Fit Time: 2.395 / Predict Time: 0.141 / Precision: 1.0 / Recall: 0.873 / Accuracy: 0.982


### Gradient Boosting Results

In [10]:
gb = GradientBoostingClassifier(n_estimators=150, max_depth=11)

start = time.time()
rf_model = gb.fit(X_train_vect, y_train)
end = time.time()
fit_time = round(end - start,3)

start = time.time()
y_pred = rf_model.predict(X_test_vect)
end = time.time()
pred_time = round(end - start,3)

precision,recall,fscore,support = score(y_test,y_pred,pos_label='spam',average='binary')
precision_r = round(precision,3)
recall_r = round(recall,3)
accuracy = round((y_pred==y_test).sum()/len(y_pred),3)
print(f"Fit Time: {fit_time} / Predict Time: {pred_time} / Precision: {precision_r} / Recall: {recall_r} / Accuracy: {accuracy}")
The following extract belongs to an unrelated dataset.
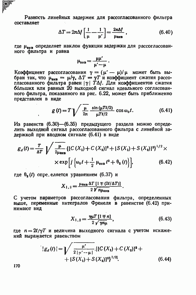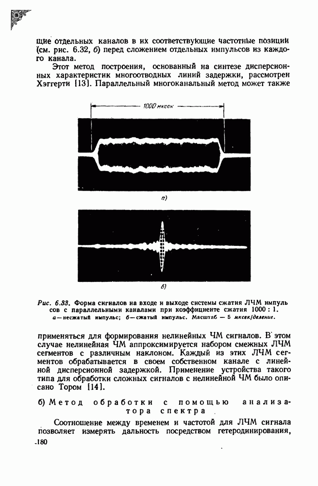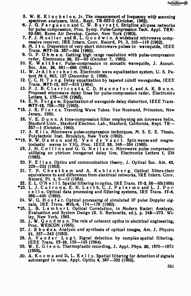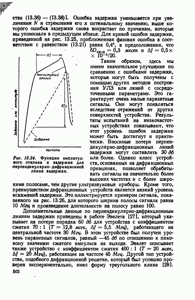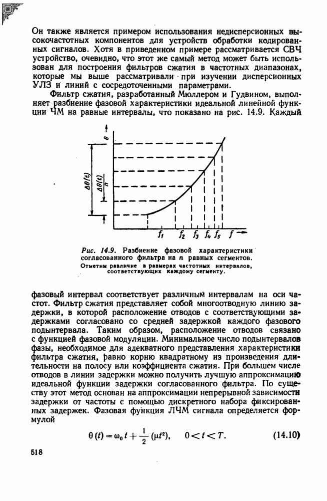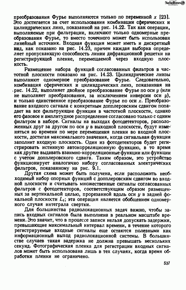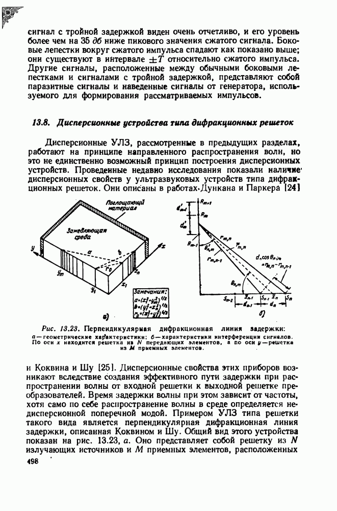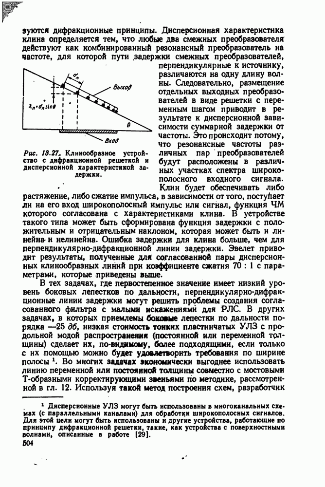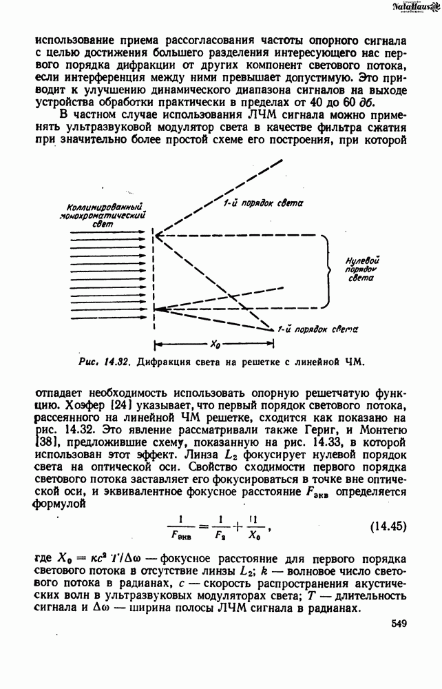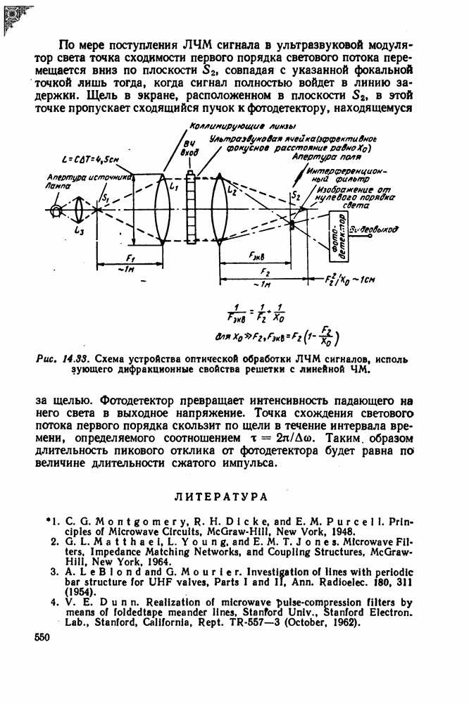 Рис. 14.33. Схема устройства оптической обработки ЛЧМ сигналов, исполь зующего дифракционные свойства решетки с линейной ЧМ. Фотодетектор превращает интенсивность падающего на него света в выходное напряжение. Точка схождения светового потока первого порядка скользит по щели в течение интервала времени, определяемого соотношением ЛИТЕРАТУРА(см. скан) (см. скан) (см. скан) ДОПОЛНИТЕЛЬНАЯ ЛИТЕРАТУРА(см. скан) (см. скан) (см. скан)

Fit Time: 148.159 / Predict Time: 0.141 / Precision: 0.908 / Recall: 0.88 / Accuracy: 0.97


### Comparing the models:

* Fit Time - Since most time we will fit the model few times and then don't do that again, the fit time is not that critical for these models
* Predict Time - Predict time is more critical since it can create a bottlneck in out Machine Learning Pipeline. Both models have the same results so it doens't matter which one we'll choose
* Precision - Precision is the ability to classify not-spam correctly. We don't want our model to classify real emails as spam so we want high precision. Point for RF
* Recall - Recall is the ability to classify spam correctly. We want this value to be high, but it is ok to allow spam to enter our inbox from time to time. Both results are pretty close so it doesn't matter which one we'll choose
* Accuracy - Accuracy is the ability to classify mails correctly out of all mails we get. Point for RF

### Overall, RF has better prediction both in time and results, so this will be the best model for us.